**EXERCISE PROMPT**
For this listing, reproduce the line with "Przepompownia do ścieków", the line with "Nitrogen reduction-related values", and the lines between, exactly as they stand. Leave out pictures and all other lines.

**DATA FOR THIS EXERCISE**
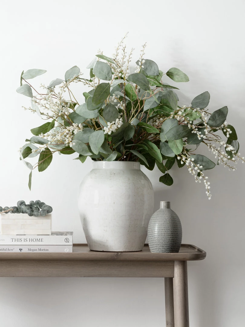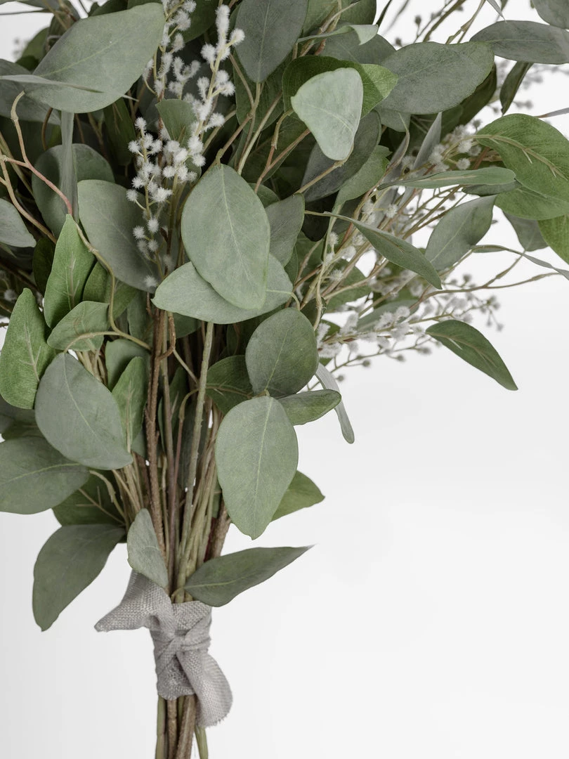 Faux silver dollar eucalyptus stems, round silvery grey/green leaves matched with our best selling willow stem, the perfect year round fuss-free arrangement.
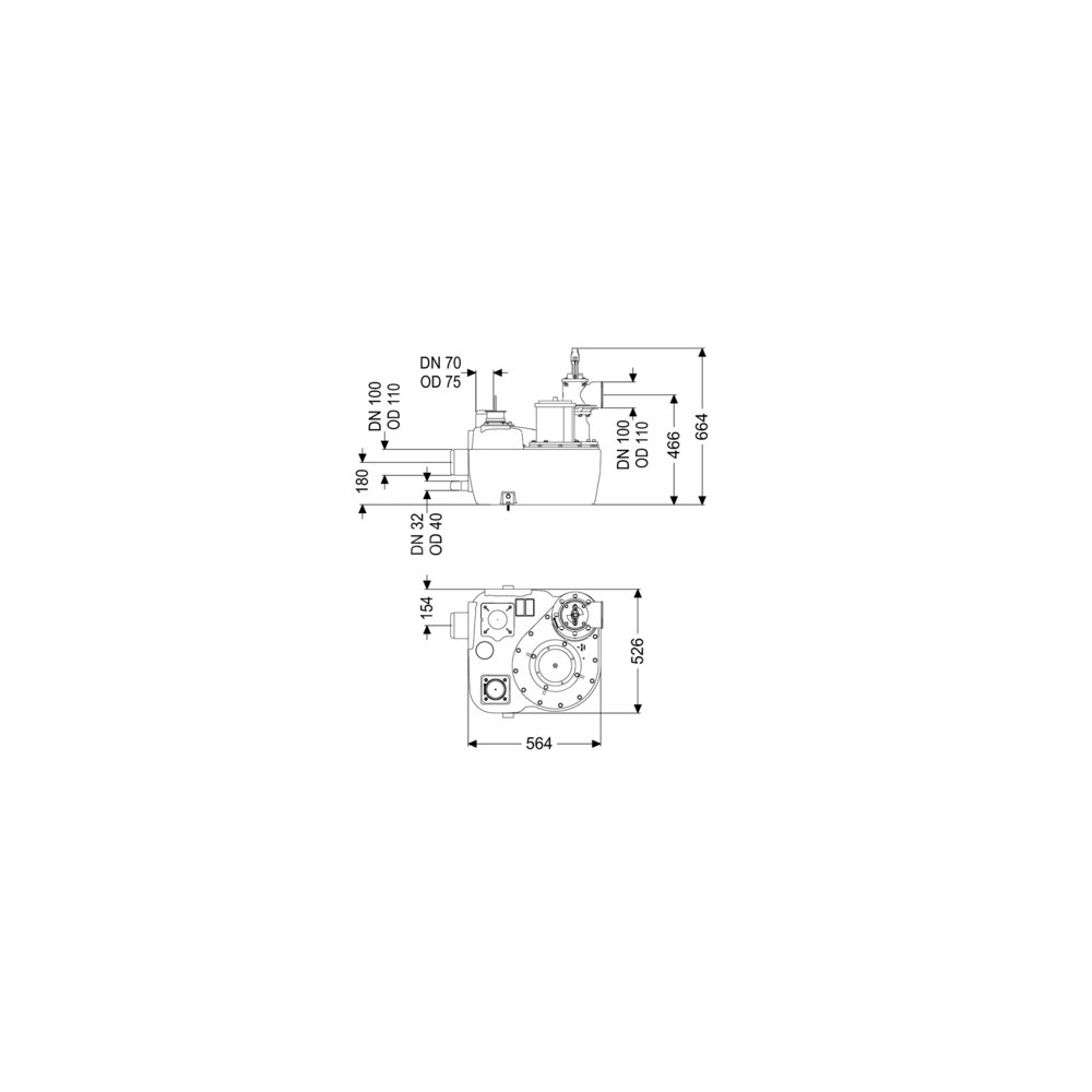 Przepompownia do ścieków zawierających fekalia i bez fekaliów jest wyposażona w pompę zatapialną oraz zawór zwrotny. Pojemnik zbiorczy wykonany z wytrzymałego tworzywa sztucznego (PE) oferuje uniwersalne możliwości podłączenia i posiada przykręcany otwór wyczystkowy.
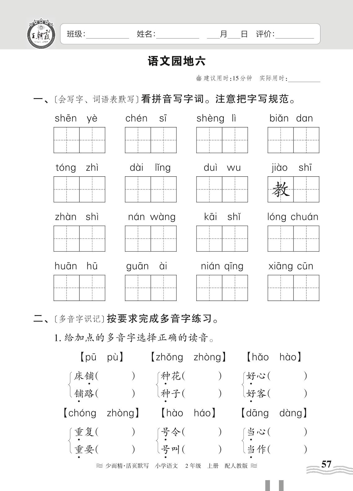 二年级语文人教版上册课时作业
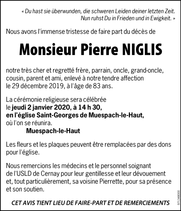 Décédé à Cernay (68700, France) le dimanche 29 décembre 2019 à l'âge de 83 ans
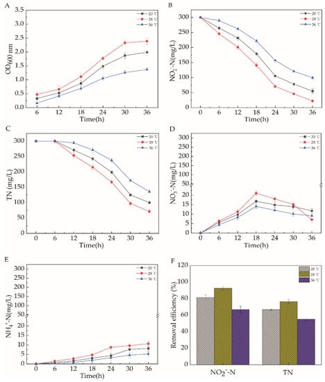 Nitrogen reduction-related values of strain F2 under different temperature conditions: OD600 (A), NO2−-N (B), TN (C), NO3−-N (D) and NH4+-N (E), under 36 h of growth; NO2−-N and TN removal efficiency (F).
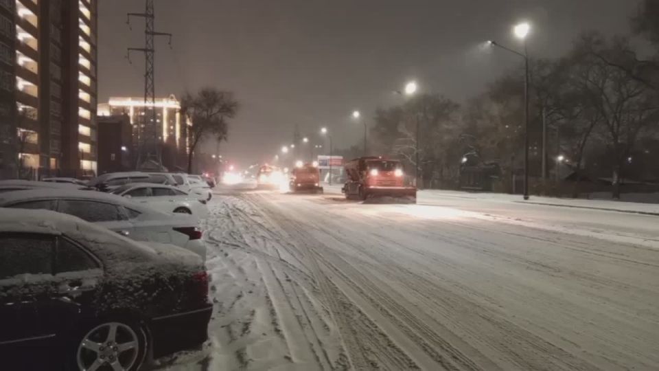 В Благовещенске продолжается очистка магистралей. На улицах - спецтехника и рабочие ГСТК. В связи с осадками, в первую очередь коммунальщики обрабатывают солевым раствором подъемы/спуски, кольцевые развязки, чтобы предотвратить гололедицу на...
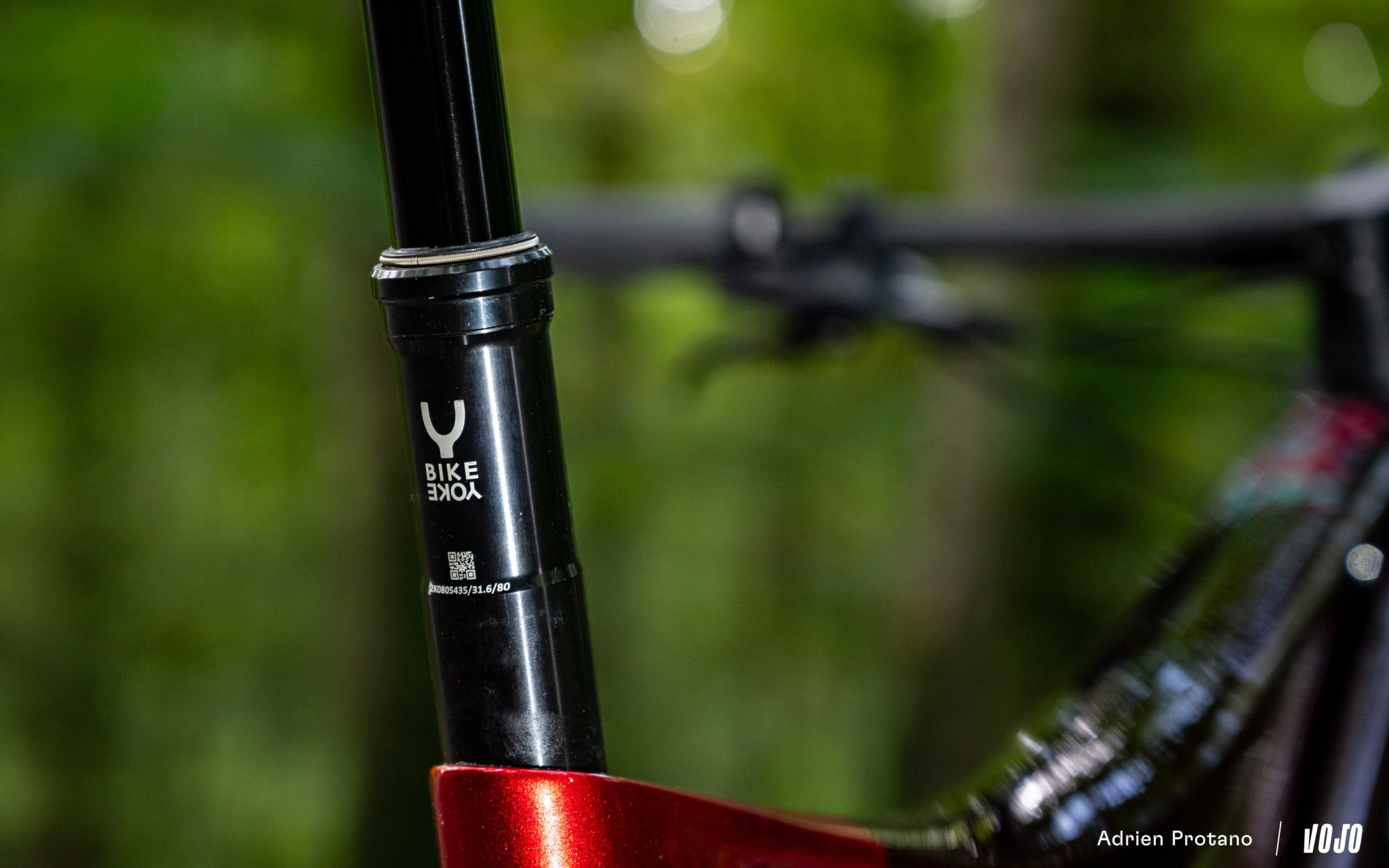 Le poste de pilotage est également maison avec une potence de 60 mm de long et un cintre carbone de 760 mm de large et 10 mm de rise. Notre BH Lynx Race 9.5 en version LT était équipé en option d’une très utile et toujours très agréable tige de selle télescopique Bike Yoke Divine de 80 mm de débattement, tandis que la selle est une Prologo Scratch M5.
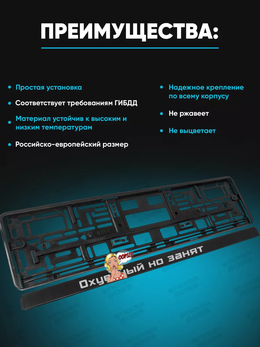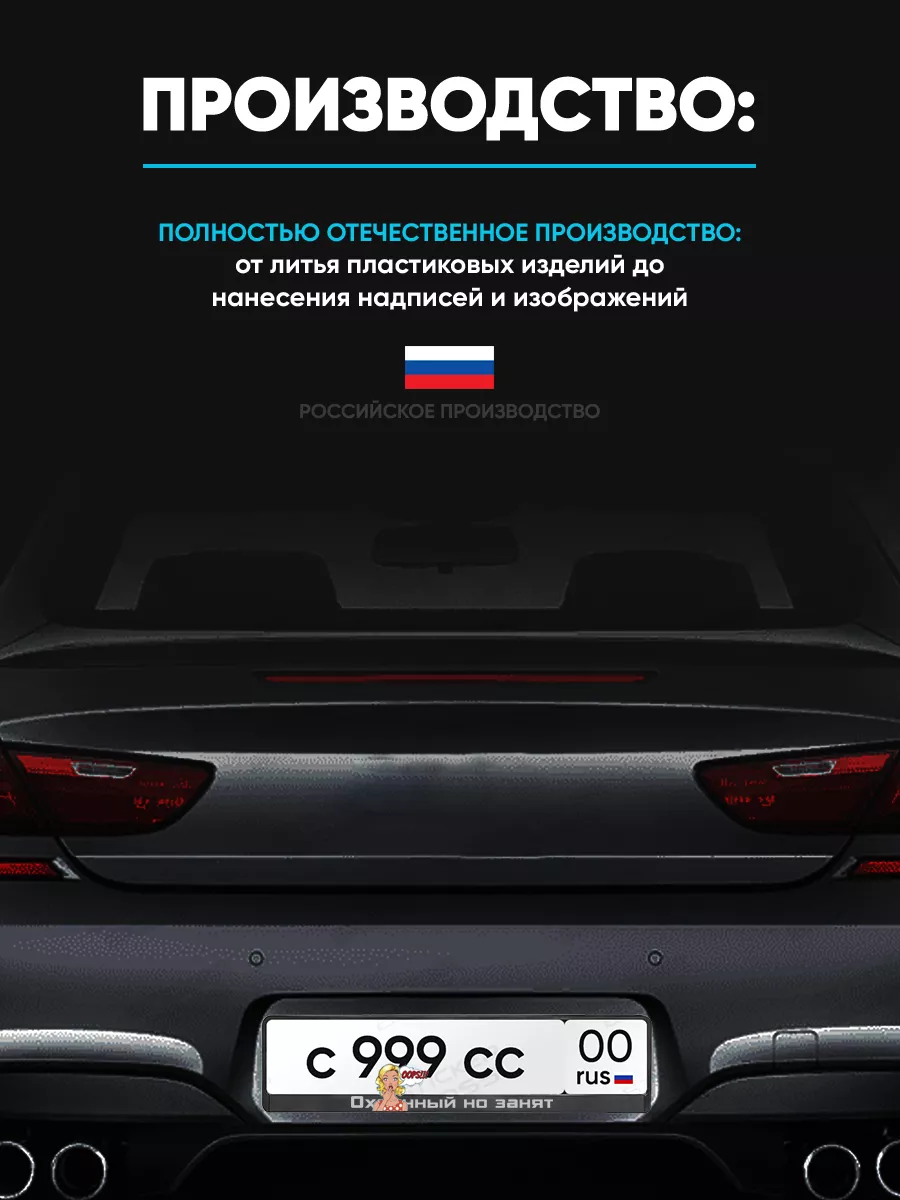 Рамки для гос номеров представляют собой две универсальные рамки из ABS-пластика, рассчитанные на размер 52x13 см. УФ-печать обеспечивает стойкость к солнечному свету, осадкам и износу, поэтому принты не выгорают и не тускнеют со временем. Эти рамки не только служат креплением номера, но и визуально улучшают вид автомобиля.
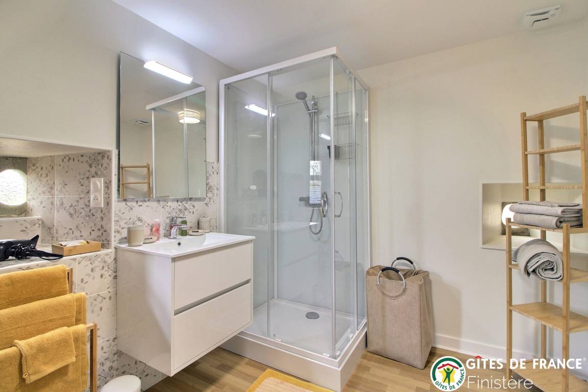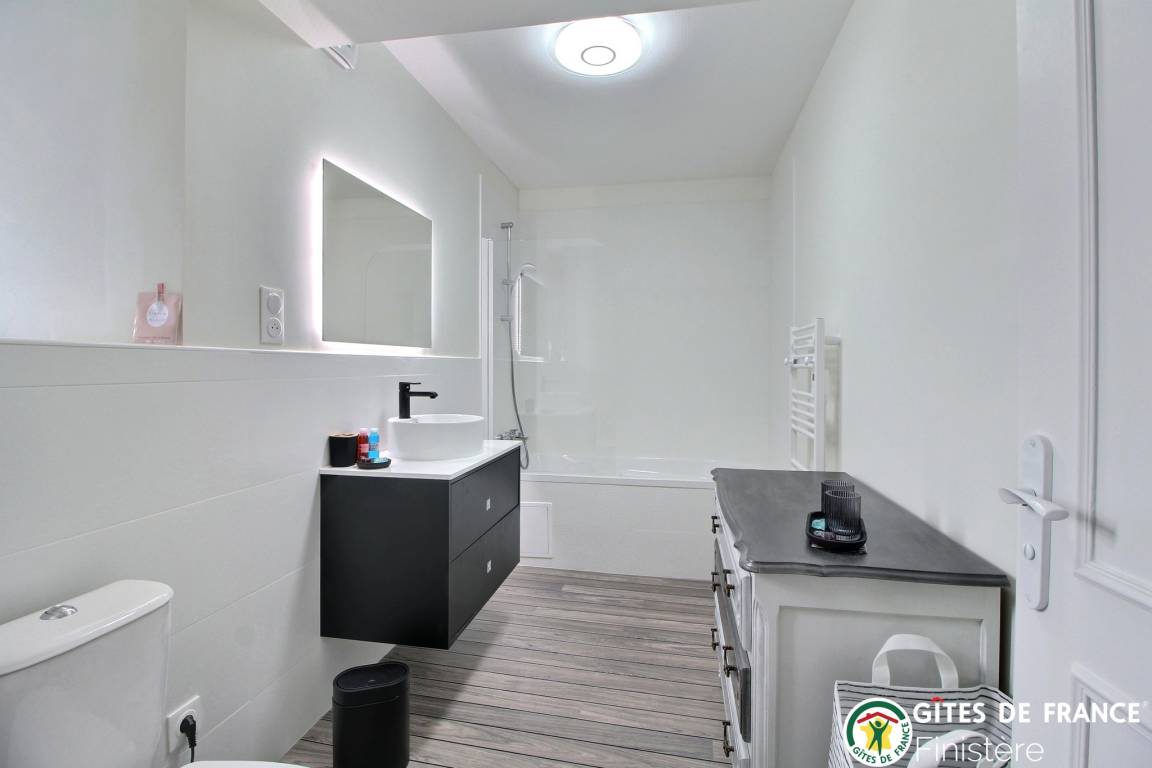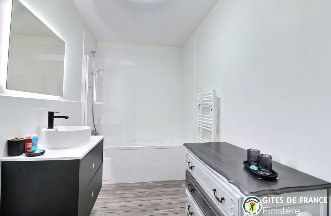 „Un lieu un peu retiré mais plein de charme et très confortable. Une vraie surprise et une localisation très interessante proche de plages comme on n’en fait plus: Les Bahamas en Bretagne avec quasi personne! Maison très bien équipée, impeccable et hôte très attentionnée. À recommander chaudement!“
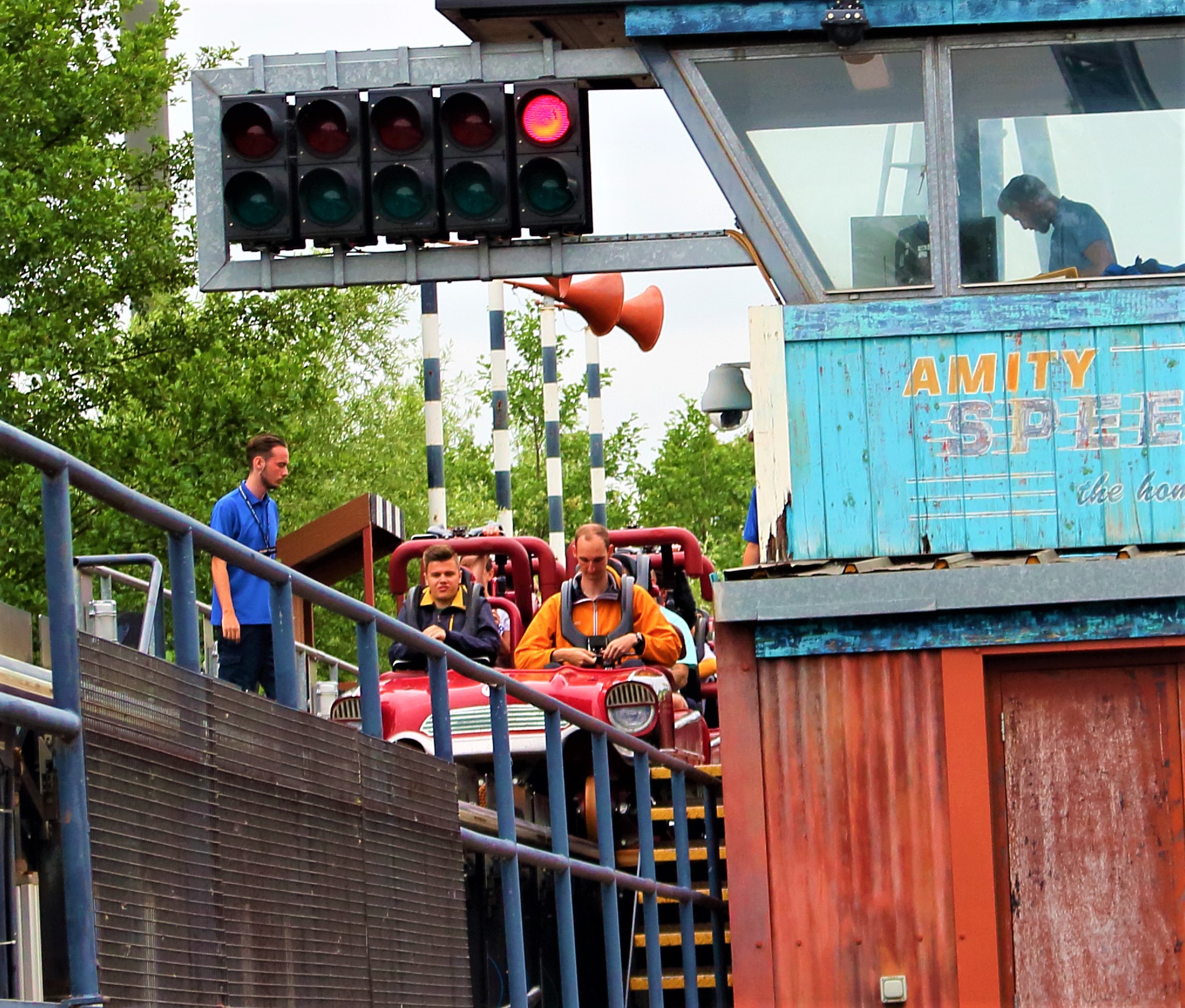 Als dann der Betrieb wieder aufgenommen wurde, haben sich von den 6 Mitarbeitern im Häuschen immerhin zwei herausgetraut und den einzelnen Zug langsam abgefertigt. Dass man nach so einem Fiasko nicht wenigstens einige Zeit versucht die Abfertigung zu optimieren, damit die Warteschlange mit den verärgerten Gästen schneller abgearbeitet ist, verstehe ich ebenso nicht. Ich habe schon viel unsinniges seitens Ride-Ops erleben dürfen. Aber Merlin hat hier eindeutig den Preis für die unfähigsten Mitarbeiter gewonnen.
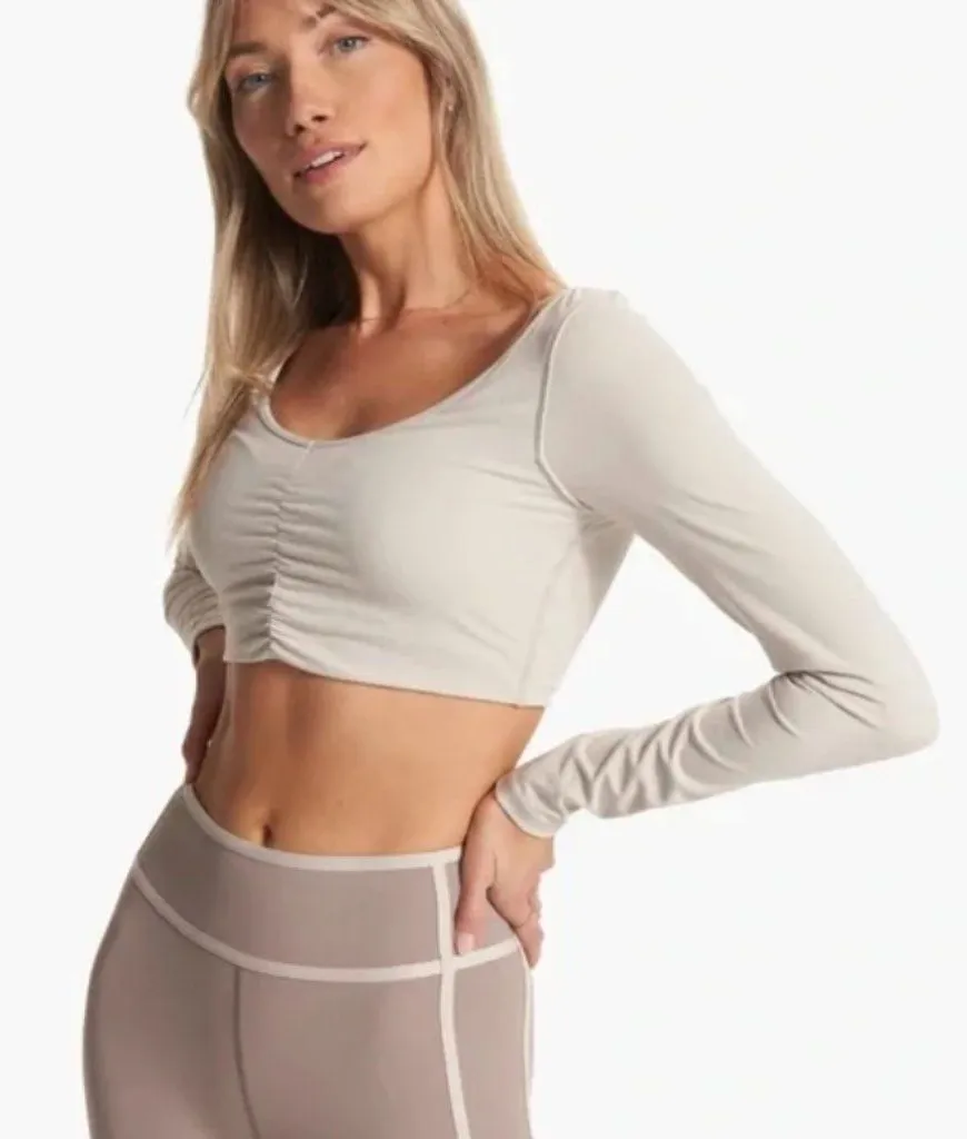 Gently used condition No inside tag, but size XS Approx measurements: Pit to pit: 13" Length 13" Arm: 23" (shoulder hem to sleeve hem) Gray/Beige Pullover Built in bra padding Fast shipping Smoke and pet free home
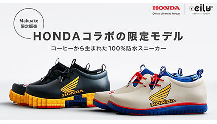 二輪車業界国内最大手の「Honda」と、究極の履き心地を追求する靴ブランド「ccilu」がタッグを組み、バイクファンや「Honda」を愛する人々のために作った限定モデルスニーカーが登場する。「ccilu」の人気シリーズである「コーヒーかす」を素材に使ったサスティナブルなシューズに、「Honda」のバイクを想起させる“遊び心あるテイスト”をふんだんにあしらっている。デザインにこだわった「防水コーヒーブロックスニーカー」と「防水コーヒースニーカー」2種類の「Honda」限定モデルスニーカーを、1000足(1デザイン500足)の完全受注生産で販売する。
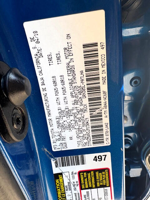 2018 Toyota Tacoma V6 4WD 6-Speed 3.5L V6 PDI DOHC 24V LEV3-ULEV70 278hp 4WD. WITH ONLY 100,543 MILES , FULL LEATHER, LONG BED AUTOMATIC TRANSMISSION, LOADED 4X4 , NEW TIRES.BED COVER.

**EXERCISE OUTPUT**
 Przepompownia do ścieków zawierających fekalia i bez fekaliów jest wyposażona w pompę zatapialną oraz zawór zwrotny. Pojemnik zbiorczy wykonany z wytrzymałego tworzywa sztucznego (PE) oferuje uniwersalne możliwości podłączenia i posiada przykręcany otwór wyczystkowy.
 二年级语文人教版上册课时作业
 Décédé à Cernay (68700, France) le dimanche 29 décembre 2019 à l'âge de 83 ans
 Nitrogen reduction-related values of strain F2 under different temperature conditions: OD600 (A), NO2−-N (B), TN (C), NO3−-N (D) and NH4+-N (E), under 36 h of growth; NO2−-N and TN removal efficiency (F).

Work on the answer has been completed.